▶ _INSTRUCTIONS FOR THE TASK_:
Output range, inclusive: from the line containing "Notni primjer 19: Prva tema, takt 1-9" to the line containing "lyosón és a". Restate those lines from the data below word for word and only those.

[[ MATERIAL FOR THIS TASK open ]]

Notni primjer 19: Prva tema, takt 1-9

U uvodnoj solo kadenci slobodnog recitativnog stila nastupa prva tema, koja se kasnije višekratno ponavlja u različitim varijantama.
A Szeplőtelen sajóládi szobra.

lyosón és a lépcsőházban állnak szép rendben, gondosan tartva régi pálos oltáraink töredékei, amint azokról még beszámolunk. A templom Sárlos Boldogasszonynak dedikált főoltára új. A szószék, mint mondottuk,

[[ MATERIAL FOR THIS TASK closed ]]
[[ MATERIAL FOR THIS TASK open ]]

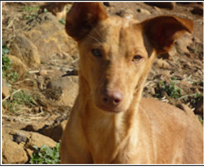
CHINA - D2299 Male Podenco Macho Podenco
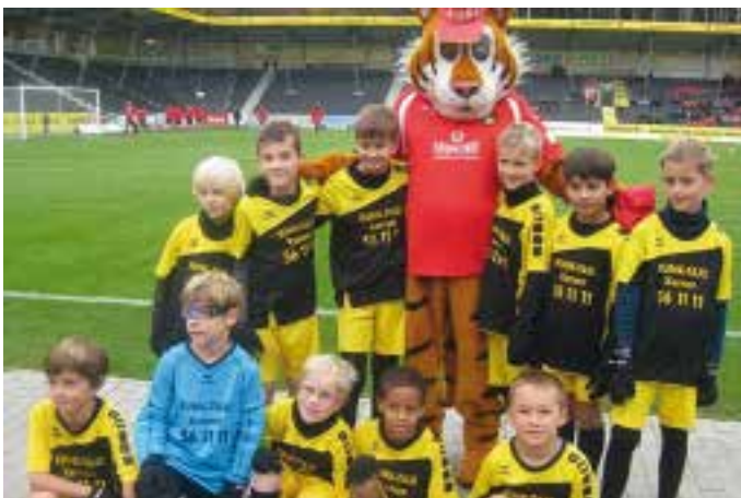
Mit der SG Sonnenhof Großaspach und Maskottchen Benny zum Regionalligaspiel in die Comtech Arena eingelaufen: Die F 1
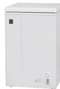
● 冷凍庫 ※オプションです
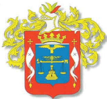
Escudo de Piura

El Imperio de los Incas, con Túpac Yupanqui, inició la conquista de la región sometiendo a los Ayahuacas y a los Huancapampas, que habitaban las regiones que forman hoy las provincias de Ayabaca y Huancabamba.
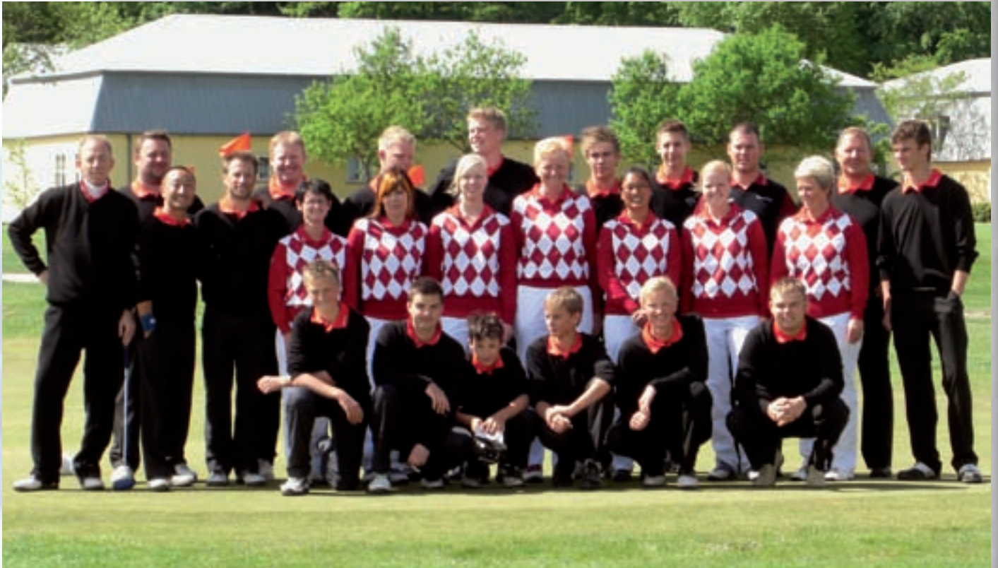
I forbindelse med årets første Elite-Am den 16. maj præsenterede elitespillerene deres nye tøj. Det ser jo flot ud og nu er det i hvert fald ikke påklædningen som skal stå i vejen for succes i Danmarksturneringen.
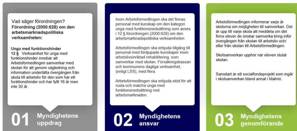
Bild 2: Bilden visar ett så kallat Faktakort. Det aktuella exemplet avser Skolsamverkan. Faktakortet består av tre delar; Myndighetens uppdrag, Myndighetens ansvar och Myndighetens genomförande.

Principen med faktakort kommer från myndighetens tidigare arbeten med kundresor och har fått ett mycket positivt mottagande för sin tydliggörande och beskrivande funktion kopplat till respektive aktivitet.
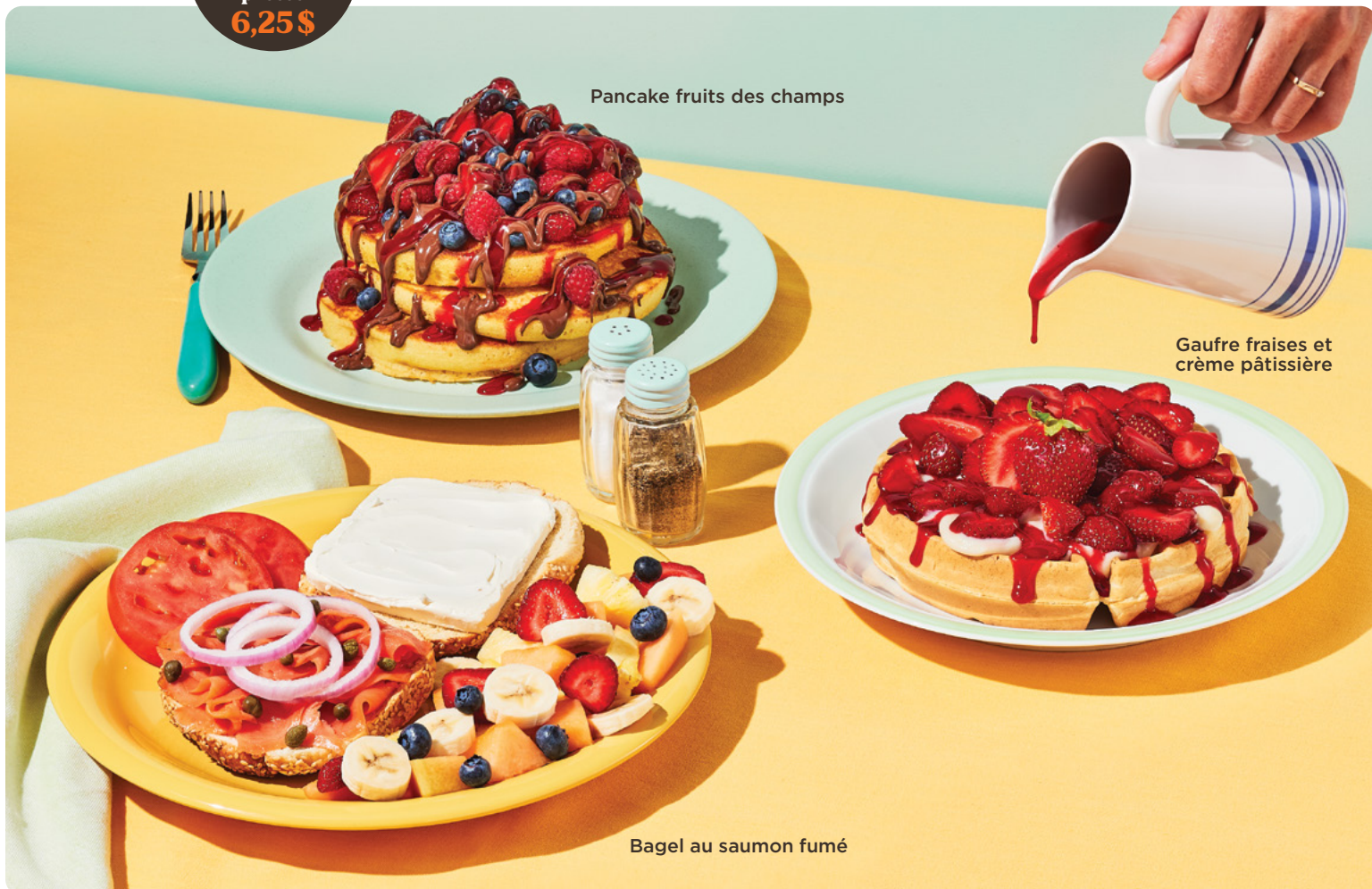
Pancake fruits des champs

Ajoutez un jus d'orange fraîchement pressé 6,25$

[[ MATERIAL FOR THIS TASK closed ]]

▶ _ANSWER TO THIS EXERCISE_:
Notni primjer 19: Prva tema, takt 1-9

U uvodnoj solo kadenci slobodnog recitativnog stila nastupa prva tema, koja se kasnije višekratno ponavlja u različitim varijantama.
A Szeplőtelen sajóládi szobra.

lyosón és a lépcsőházban állnak szép rendben, gondosan tartva régi pálos oltáraink töredékei, amint azokról még beszámolunk. A templom Sárlos Boldogasszonynak dedikált főoltára új. A szószék, mint mondottuk,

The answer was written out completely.